I was born and raised Roman Catholic, but I chose to steer in my own direction as the years blew by. Today I'm considered to be a spiritualist, or a believer in a higher being known as God & or the creator regardless of denomination (non-denomination), so that means I can experience any form of worship on the globe freely.
I believe that there's way to many faiths & too much pressure that's gone around throughout the centuries for supreme ownership of a single faith over them all. This is why I've never decided to practice any single religion in particular. I've studied them all in great depths and detail, so I have a worldly overview and complete knowledge of them all, and that's including the ancient ones that are very rarely practiced if any today.
I will not let go of my freedom of spiritual thought, and the global awareness & deeply founded respect I have for all religions of the world, for they all have contributed to the sum of & developments of our civilizations, and the world as a whole today. To say it wasn't so would literally be blasphemous itself. Just take a look at the world's cultures of today & you'll see this proof exists everywhere worldwide.
End result of me being a spiritualist is the fact that I am free to feel as I wish, and I need not refer to any particular text to do such a thing. I'm aware of God's presence, and I have established my very own personal relationship with such a creator. No one can take that from me, and it gives me joy to be able to live in such a way, without pressure of any form of persecution for what I believe in.
Yes I was a christian and now consider myself a christo-pagan. Needless to say I get judged quite often. A lot of people do and I believe it isn't fair. Not just Pagans but many people.
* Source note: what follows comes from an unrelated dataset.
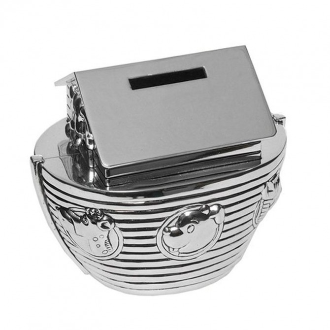The real silver plated money box offers great attention to detail which perfectly captures the charm of loveable Noahs Ark. It features a smooth finish, complete with large money slot for saving coins & easy-to-remove rubber bung on the base.
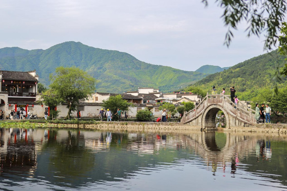 若西递是书,那宏村便是画。6月1日下午,小分队走进了这个画里乡村。黟县宏村依水而建,是古水系牛形村落,巍峨苍翠的雷岗山为牛首,南门的两棵参天古木为牛角,错落有致的居民宅是庞大的牛躯,流经每户门前的明渠便是牛肠,隐匿在青石板下的暗渠为盲肠,月沼为牛胃,各种水系汇聚于村口的南湖(下图),为牛肚。逆水进村、顺水进村是当地水系的一大特色。据史料记载,宏村的水系总设计师是位知书达礼、学富五车、精通于风水建筑的女性——胡重娘。她是黟县名人胡礼朝之女,后嫁为宏村最大家族汪氏一族族长。后人为了纪念这位劳苦功高的先祖,打破了封建时期女人不进宗祠的规矩,破例把她的排位摆进祠堂,供后人感念祭拜。

Before my wife and I had our first child I was Lutheran and she was Catholic. Obviously both Christian but each have relatively significant if not subtle differences that don't reconcile well with one another. Neither of us were particularly "religions" but wanted our soon to be son to have a foundation from which to make his own decision about what he would beleive when he was older. We searched around and attended different church within Christianty and eventuall decided to become Episcopal. It was a good fit for us because it was very tolerant church that didn't discriminate based on gender, sexual orientation, or beleifs of other religions. They encouraged people of other Christian varieties to participate in communion or, if uncomfortable with this notion, not to. We have been very happy with our choice and our Rector helped my wife and I through a very rough time recently when our full term child was born sleeping.